April 20, 2021
Application Monitoring Best Practices
Monitoring is essential to ensure your applications' reliable operation and a vital practice of the DevOps movement. Learn more about the role of monitoring in the development workflow and the best practices for monitoring your applications.
As a developer, you might be responsible for developing features and ensuring that they run reliably.
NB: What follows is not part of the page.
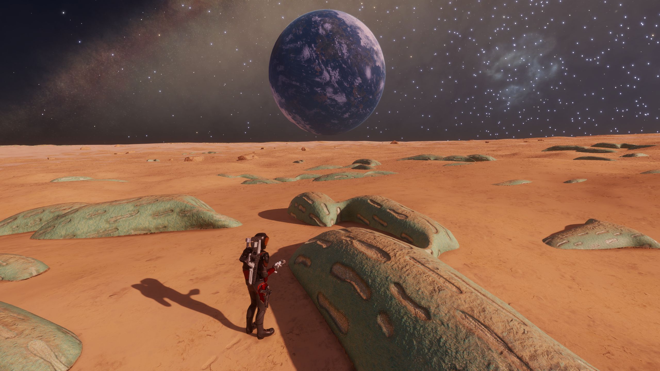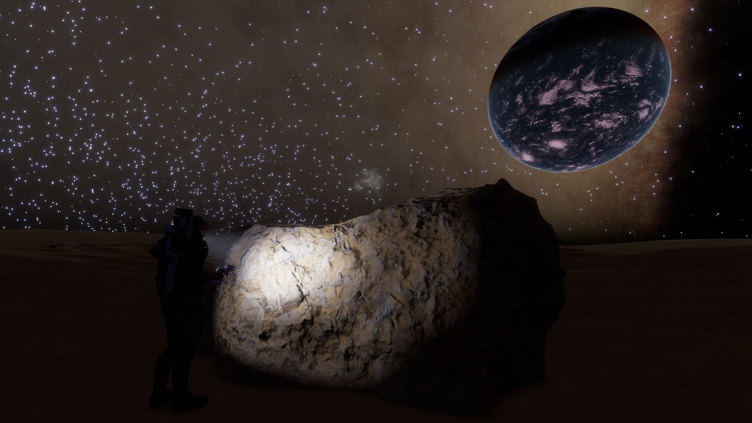 Description: A black hole, orbited by a brown dwarf star, orbited by a blue Earth-like moon, orbited by a thin atmospheric nested moon. As of 3308. May, this system is the only known example of such a configuration: thirty other atmospheric nested moons are known, but their atmospheres are all too thick for them to be landable. The nested moon 1 c a has a Sulphur Dioxide atmosphere and major Silicate Vapour geysers, and while there is life to be found here, the surface gravity (at 0.31 g) is too high for anything other than Bacteria and Strata to be present. In such orbital configurations, the parents tend to be much closer to their moon(s) than usual, so down from the surface, they appear large on the sky: Normally, explorers would see such Earth-like planets as blue and green, but as this system is bathed only in the dim red light of an L dwarf star, the green lands appear as a shade of brown instead. Even the day sides of the bodies are not much brighter than their night sides. There are also a number of other moons farther away from the dead star that have thin atmospheres of various kinds as well, but their surfaces are so cold and dark that only Bacteria survive on them. | |

But why is monitoring so important, and what are the best practices for monitoring your application?
In this article, you will learn about:
- What monitoring is
- Why monitoring is important
- How monitoring relates to agile development methodologies
- How monitoring fits into your development workflow
- What you should monitor in your application
- How to monitor and valuable tools for monitoring
- How monitoring relates to distributed tracing
Note: The article uses the terms backend, application, and service interchangeably. They all refer to the same thing.
What is monitoring?
Monitoring is the practice of collecting, processing, aggregating, and visualizing real-time quantitative data about a system. In the context of an application, the measured data might include request counts, error counts, request latency, database query latency, and resource utilization.
For example, suppose you were developing new search functionality for an application and introduced a new API endpoint that queries. You might be interested in measuring the amount of time taken to serve such search requests and track how it performs when the concurrent load on that endpoint increases. You might then discover that the latency increases when users search specific fields due to a missing index. Monitoring can help you detect such anomalies or performance bottlenecks.
Why is monitoring important?
There are several reasons why monitoring is important – understanding the reasons informs your choices regarding implementation and choice of tools. From a high level, monitoring helps you to ensure the reliable operation of your application.
A more thorough exploration of the reasons includes:
- Alerting: when your application fails, you usually want to fix it as soon as possible. Alerting is possible by the real-time data about your system that you are monitoring. You can define alerts when a monitored metric value has exceeded a threshold, indicating an error requiring developer intervention. In turn, you're able to respond swiftly and reduce the downtime experienced by your users and potential revenue loss.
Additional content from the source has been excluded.